* [INFORMATION SHOWN]:
■ ■ ■ ■ ■ ■ ■

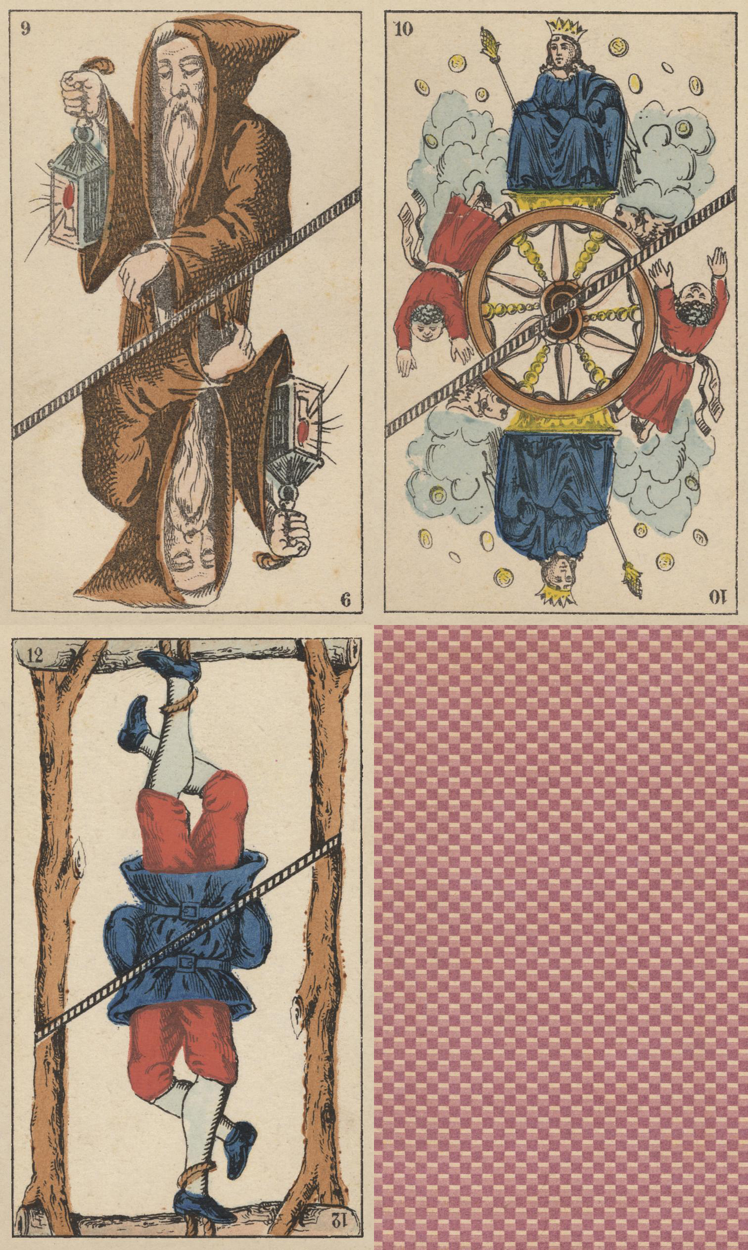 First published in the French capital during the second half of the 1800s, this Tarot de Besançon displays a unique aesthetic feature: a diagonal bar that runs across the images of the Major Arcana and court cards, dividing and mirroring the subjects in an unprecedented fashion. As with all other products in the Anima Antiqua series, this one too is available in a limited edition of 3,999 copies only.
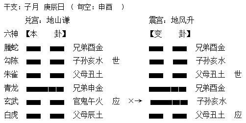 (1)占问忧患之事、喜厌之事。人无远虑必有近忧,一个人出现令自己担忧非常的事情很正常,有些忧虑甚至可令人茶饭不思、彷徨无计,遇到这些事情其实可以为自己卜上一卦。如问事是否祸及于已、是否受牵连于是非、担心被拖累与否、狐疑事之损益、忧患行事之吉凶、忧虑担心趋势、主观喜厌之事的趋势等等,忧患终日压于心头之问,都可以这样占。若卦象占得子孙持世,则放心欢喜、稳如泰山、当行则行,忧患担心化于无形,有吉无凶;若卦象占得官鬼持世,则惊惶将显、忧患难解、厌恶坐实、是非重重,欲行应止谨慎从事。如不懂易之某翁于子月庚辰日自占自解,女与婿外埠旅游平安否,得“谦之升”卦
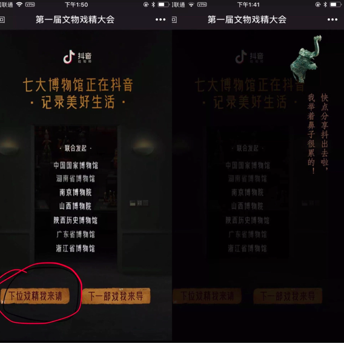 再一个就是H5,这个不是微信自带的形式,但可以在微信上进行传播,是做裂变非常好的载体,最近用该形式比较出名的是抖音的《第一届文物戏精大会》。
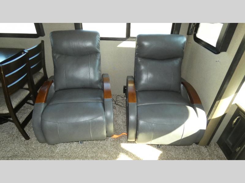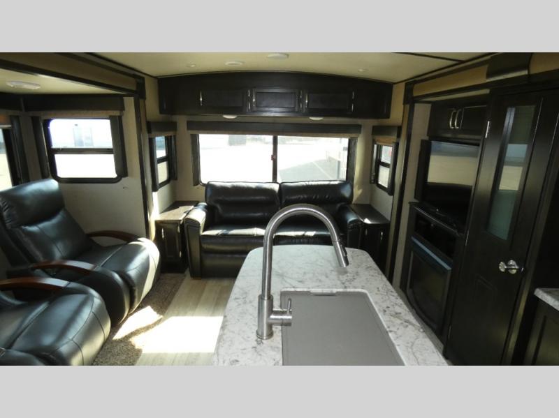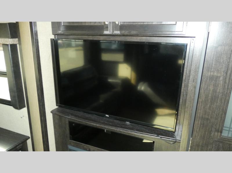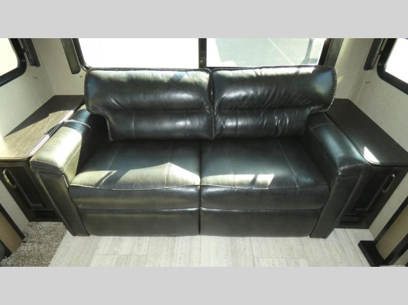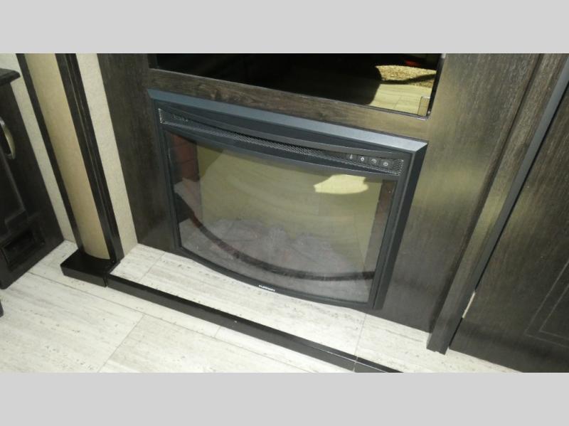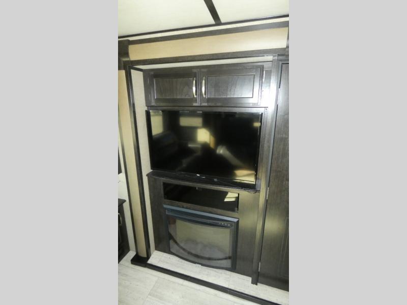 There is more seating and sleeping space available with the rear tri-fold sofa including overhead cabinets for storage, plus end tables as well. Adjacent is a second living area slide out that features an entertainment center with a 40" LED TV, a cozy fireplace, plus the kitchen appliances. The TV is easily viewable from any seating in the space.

■ ■ ■ ■ ■ ■ ■

* [EXERCISE DIRECTIONS]:
In your copy, the listing above should appear word for word, with no images.

* [EXERCISE SOLUTION]:
 First published in the French capital during the second half of the 1800s, this Tarot de Besançon displays a unique aesthetic feature: a diagonal bar that runs across the images of the Major Arcana and court cards, dividing and mirroring the subjects in an unprecedented fashion. As with all other products in the Anima Antiqua series, this one too is available in a limited edition of 3,999 copies only.
 (1)占问忧患之事、喜厌之事。人无远虑必有近忧,一个人出现令自己担忧非常的事情很正常,有些忧虑甚至可令人茶饭不思、彷徨无计,遇到这些事情其实可以为自己卜上一卦。如问事是否祸及于已、是否受牵连于是非、担心被拖累与否、狐疑事之损益、忧患行事之吉凶、忧虑担心趋势、主观喜厌之事的趋势等等,忧患终日压于心头之问,都可以这样占。若卦象占得子孙持世,则放心欢喜、稳如泰山、当行则行,忧患担心化于无形,有吉无凶;若卦象占得官鬼持世,则惊惶将显、忧患难解、厌恶坐实、是非重重,欲行应止谨慎从事。如不懂易之某翁于子月庚辰日自占自解,女与婿外埠旅游平安否,得“谦之升”卦
 再一个就是H5,这个不是微信自带的形式,但可以在微信上进行传播,是做裂变非常好的载体,最近用该形式比较出名的是抖音的《第一届文物戏精大会》。
 There is more seating and sleeping space available with the rear tri-fold sofa including overhead cabinets for storage, plus end tables as well. Adjacent is a second living area slide out that features an entertainment center with a 40" LED TV, a cozy fireplace, plus the kitchen appliances. The TV is easily viewable from any seating in the space.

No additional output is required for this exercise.